12 July 2009

File System in Linux

I see not so much people really know the difference about Linux files system. In fact there is a whole lot to it more than just generalizing the usage of each file system, they have different usage purposes and different futures that you might or might not want. The information bellow are freely available on the world wide web, and they are not special information whatsoever , meaning that anyone could find such information, but I thought a good short article about the subject will do no harm. This article will cover EXT2, EXT3, XFS and ReiserFS so no talking about UNIX file systems like UFS or any other "different" OS specific file system, so please don't bring other OS's file system discussions over here.
There will be no historical information here whatsoever, this article main purpose is to provide technical yet simple information about these various file systems to help you in the decision making process of choosing one over the other or better is mixing between them to maximize efficiency.


EXT2:
File allocation: bitmap (free space), table (meta data)
Bad blocks: table
Max file size: 2-64 TiB
Max number of files: 10^8
Max filename length: 255 bytes
Max volume size: 16-32 TiB
Allowed characters in filenames: Any byte except 'NUL' and 0x2F
Dates recorded: modification (mtime), attribute modification (ctime), access (atime)
Date range: December 14, 1901 - January 18, 2038
Date resolution: 1s
File system permission: POSIX
Transparent compression: NO (available through patches)
Transparent encryption: NO
Supported OS's: Linux, BSD, Windows (through an IFS), Mac OS X

EXT3:
Directory contents: table, H tree with dir_index* enabled
File allocation: bitmap (free space), table (meta data)
Bad block: table
Max file size: 16 GiB - 2 TiB
Max number of files: Variable*
Max filename length: 255 bytes
Max volume size: 2-32 TiB
Allowed characters in filenames: Any byte except 'NUL' and 0x2F
Dates recorded: modification (mtime), attribute modification (ctime), access (atime)
Date range: December 14, 1901 - January 18, 2038
Date resolution: 1s, Nanosecond (using undocumented big i-node)
Attributes: No-atime, append-only, synchronous-write, no-dump, h-tree (directory), immutable, journal, secure-delete, top (directory), allow-undelete
File system permission: Unix permissions, ACLs and arbitrary security attributes (Linux 2.6 and later)
Transparent compression: NO
Transparent encryption: NO (provided at the block device level)
Supported OS's: Linux, BSD, Windows (through an IFS)

ReiserFS:
Directory contents: B tree
File allocation: bitmap
Max file size: 8 TiB
Max number of files: 2^32
Max filename length: 4032 bytes, limited to 255 by Linux VFS (Virtual File System)
Max volume size: 16 TiB
Allowed characters in filenames: Any byte except 'NUL' and 0x2F
Dates recorded: modification (mtime), attribute modification (ctime), access (atime)
Date range: December 14, 1901 - January 18, 2038
Date resolution: 1s
Forks: Extended attributes
File system permission: Unix permissions, ACLs and arbitrary security attributes
Transparent compression: NO
Transparent encryption: NO
Supported OS's: Linux

XFS:
Directory contents: B tree
File allocation: B tree
Max file size: 8 EiB minus one byte (on x64 bit system) 16 TiB (on x32 bit system)
Max filename length: 255 bytes
Max volume size: 16 EiB
Allowed characters in filenames: Any byte except 'NULL'
Dates recorded: modification (mtime), attribute modification (ctime), access (atime)
Date resolution: 1ns
Attributes: YES
File system permission: YES
Transparent compression: NO
Transparent encryption: NO (provided at the block device level)
Supported OS's: IRIX, Linux, FreeBSD (experimental)

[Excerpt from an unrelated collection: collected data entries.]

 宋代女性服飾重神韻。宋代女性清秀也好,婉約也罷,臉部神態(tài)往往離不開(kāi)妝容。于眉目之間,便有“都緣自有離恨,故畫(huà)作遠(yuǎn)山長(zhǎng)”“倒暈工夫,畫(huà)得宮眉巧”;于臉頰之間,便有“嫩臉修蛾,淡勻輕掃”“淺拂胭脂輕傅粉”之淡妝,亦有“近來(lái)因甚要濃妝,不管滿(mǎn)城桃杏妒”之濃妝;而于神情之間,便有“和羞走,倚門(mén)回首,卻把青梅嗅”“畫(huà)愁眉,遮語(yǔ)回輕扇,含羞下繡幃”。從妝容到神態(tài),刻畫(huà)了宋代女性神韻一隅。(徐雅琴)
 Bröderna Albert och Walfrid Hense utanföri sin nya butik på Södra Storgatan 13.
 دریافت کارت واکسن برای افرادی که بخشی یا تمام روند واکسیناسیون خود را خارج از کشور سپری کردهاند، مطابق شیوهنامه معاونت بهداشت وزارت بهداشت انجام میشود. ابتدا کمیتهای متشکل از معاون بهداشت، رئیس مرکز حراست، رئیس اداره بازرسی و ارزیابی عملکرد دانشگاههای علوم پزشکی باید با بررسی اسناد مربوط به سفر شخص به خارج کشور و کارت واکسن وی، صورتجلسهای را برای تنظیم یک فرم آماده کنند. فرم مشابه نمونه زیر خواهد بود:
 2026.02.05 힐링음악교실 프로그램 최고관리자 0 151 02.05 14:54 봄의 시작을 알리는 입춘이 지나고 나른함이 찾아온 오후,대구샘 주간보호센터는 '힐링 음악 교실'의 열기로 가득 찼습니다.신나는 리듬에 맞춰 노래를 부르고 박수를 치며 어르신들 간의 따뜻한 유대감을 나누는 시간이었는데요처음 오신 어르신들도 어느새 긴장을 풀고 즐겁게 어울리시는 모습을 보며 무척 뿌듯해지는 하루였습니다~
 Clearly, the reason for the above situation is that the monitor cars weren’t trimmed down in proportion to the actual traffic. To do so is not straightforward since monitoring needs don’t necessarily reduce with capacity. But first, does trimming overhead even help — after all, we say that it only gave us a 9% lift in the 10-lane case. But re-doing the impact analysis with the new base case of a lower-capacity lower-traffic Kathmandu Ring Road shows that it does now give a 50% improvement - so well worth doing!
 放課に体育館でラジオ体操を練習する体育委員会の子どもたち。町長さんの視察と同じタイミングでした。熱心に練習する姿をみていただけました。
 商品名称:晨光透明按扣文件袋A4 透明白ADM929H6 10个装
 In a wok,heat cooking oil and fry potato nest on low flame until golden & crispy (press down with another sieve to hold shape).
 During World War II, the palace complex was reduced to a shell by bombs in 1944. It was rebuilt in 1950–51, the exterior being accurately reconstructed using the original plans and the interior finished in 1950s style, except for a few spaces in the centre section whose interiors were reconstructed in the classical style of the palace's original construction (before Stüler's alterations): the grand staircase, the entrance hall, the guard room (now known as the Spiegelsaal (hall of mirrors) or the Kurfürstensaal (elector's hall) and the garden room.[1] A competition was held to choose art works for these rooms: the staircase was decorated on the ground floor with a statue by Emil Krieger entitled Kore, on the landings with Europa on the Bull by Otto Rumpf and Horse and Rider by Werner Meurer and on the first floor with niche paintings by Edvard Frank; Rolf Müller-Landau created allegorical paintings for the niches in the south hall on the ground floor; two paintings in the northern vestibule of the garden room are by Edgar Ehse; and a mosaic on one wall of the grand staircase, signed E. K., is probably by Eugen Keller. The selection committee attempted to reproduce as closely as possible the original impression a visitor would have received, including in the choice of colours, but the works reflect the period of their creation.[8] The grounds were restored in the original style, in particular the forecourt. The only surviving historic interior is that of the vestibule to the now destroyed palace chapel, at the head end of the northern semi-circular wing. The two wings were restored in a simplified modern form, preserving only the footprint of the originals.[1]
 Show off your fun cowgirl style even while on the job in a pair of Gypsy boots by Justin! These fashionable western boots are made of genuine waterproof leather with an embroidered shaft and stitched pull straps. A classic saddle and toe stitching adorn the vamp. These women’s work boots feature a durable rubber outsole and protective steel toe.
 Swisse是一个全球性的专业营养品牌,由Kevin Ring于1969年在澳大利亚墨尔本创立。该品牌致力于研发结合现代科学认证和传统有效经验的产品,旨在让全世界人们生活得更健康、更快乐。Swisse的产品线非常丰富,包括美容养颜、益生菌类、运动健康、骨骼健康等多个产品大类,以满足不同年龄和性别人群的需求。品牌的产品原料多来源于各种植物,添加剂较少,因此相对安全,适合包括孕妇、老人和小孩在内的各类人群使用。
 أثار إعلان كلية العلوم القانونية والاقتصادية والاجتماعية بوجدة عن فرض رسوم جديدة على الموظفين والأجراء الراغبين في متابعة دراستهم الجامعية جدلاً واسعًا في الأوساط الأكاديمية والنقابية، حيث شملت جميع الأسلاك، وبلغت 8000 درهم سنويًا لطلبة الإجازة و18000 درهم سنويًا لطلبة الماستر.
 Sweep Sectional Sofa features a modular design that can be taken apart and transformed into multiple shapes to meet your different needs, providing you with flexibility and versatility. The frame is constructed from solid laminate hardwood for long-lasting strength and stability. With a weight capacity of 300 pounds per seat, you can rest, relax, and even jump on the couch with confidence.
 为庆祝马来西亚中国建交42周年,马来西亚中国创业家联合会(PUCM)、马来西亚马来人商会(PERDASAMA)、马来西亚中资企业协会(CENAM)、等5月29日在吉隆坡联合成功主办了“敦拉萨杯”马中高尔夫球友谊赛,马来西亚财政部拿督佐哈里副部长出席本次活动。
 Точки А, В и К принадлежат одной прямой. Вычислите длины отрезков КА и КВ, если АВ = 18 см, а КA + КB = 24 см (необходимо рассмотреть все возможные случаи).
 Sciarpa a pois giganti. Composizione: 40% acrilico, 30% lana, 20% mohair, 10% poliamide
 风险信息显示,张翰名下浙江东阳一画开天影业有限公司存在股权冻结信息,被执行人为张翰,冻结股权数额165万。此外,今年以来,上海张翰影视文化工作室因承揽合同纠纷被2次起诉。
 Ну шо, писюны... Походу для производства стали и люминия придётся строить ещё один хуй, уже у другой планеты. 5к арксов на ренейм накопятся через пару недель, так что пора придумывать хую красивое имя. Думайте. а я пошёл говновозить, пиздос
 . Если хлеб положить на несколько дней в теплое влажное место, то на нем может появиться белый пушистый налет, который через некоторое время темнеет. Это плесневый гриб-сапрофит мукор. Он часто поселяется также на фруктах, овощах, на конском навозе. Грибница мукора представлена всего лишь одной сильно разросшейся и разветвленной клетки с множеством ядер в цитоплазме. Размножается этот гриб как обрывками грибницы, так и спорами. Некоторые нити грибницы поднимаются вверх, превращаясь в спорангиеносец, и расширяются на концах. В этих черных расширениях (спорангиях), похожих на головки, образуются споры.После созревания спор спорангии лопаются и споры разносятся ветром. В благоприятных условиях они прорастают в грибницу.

As we see here there are different structures, and they differ between the B trees and H trees, the B tree data structure keeps data sorted and allows searches, insertions, and deletions in logarithmic amortized time, it is commonly used in databases and file systems. In the other hand we have the H trees structure which is commonly used in VLSI as a clock distribution network (Basically it's a revised version of a B tree data structure for larger directories).

* dir_index is an option that allows indexing which is turned on by typing the command tune2fs -O dir_index /dev/hdXXX.
* If V is the volume size in bytes, then the default number of inodes is given by V/(2^13) or the number of blocks, whichever is less. And the minimum is V/(2^23). The max number of subdirectories in one directory is fixed to 32000.

I think the information above are self explanatory, so I don't have comments on this part of information except to get your attention on the difference between 'NUL' and 'NULL', they are in fact different and mean totally different things, the 'NUL' is a string termination character while 'NULL' means NO thing.